Task item —
In the entries below, find the line with "WESとは、マテハン・ロボッ" and the line with "USB, 17W (Black)", then retype both and everything between them exactly. Do not copy the pictures.

Records for this exercise —
================
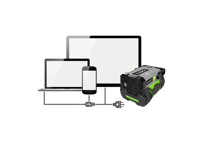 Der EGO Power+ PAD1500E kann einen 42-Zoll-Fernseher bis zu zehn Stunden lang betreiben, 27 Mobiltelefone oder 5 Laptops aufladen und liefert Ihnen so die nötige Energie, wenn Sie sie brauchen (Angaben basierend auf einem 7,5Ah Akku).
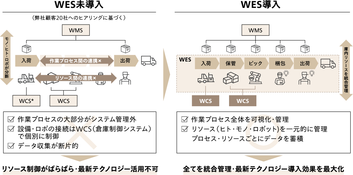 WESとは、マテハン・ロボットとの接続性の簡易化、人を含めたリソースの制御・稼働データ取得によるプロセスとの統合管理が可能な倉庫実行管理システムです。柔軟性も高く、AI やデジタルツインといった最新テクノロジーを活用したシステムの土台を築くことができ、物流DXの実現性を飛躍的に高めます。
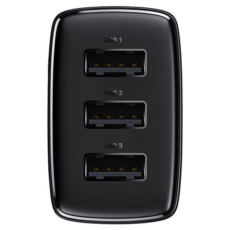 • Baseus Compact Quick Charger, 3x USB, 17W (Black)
================
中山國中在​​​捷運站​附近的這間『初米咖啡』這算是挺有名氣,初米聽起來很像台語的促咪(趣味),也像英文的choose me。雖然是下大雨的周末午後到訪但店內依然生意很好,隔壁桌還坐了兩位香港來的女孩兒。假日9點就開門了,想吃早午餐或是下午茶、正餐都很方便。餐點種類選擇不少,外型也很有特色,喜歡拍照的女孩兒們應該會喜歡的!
================
Response area —
 WESとは、マテハン・ロボットとの接続性の簡易化、人を含めたリソースの制御・稼働データ取得によるプロセスとの統合管理が可能な倉庫実行管理システムです。柔軟性も高く、AI やデジタルツインといった最新テクノロジーを活用したシステムの土台を築くことができ、物流DXの実現性を飛躍的に高めます。
 • Baseus Compact Quick Charger, 3x USB, 17W (Black)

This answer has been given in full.